When I allow myself to numb with social media, I lose on multiple levels. On the one hand, I become disconnected from my own experience. I’m no longer feeling my feelings, because I’ve tuned out of my own reality and tuned in to someone else’s. I’ve essentially turned my back on myself and my own creativity. Instead of protecting my energetic boundaries, I’m allowing all of my energy to be sucked out by these platforms. Nothing is left for my own creative practice.

It’s difficult to be a parent, a partner, and an artist in the face of worldwide horrors. Sometimes spending any time on creativity feels selfish. But I know that by tuning in to my own creative practice, I’m nourishing my spirit and honoring the ancestors - and this puts me in a better position to respond to the call to action when it comes.

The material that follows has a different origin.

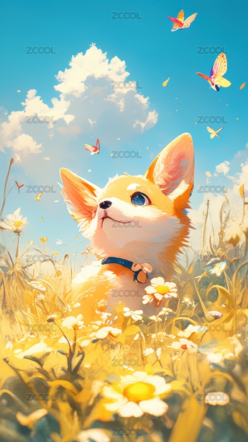 一只可爱的柴犬在白色花丛微笑奔跑手绘插画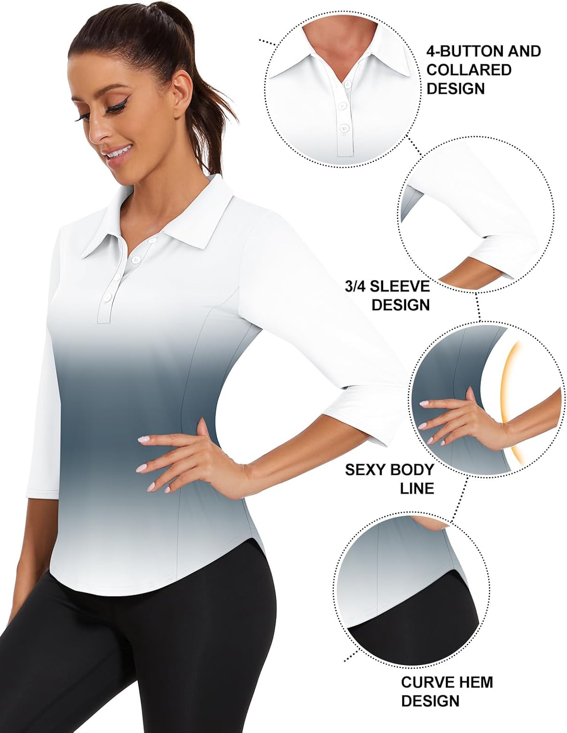 Zamowoty Golf Shirts Women 3/4 Sleeve Collared Shirts Quick Dry Tennis Tops

My creative practice requires dedication, time, effort, and spiritual & emotional resources. My body needs to be nourished and I need to know that I’ve tended to my daily responsibilities. When I spend time on social media platforms, I waste the time that I could and should be spending creating - and I’m left feeling depleted, rather than nourished.

I need to find balance and structure in order to create a better foundation for my creativity. I need to turn off social media - or create (and honor) a set of social media boundaries that will allow me to post without scrolling. I need to tune into my own inner voice. I need to re-learn how to be ok with the discomfort of solitude and how to engage in quiet time without constant visual and auditory inputs. (This includes podcasts and audiobooks in addition to social media like Instagram and YouTube.)

So often, I turn to social media to avoid the discomfort of the present moment. I drown out my own truth by ingesting the truths of others, who are shouting from the rooftops. I want to stop and reflect on this - and find new ways to come back to this moment, be with the discomfort, and really get to know myself here and now. What gifts can I offer? What am I afraid of uncovering within myself? Sometimes, this kind of numbing is a sign that we are contracting in the face of big expansion. I need to look at the ways I’m hiding in what’s familiar because I’m afraid of the expansion and growth that are ready to begin (or that are already happening).

The four of pentacles is inviting me into greater expansion, encouraging me to protect my energetic and spiritual boundaries, and reminding me that I can’t fill from an empty cup. I will only be of service to others if I am resourced - and to do this, I need to break free from the numbing effects of social media platforms.

Some questions I’ll be working with this week:

How might I be using social media to hide from the truths that I’m currently holding? How is this impacting my art practice?

Am I holding back rather than sharing my art and my practice? Why?

Where am I draining energy? How can I fill those gaps and call my energy back?

How can I restructure my time to create more focus and dedication in my art practice?


Four: stability, rationality, containment, structure, foundations, progression, organization, avoiding stagnation, systems.

Pentacles: Earth, the physical/sensual. The realm of the body, home, work, craft.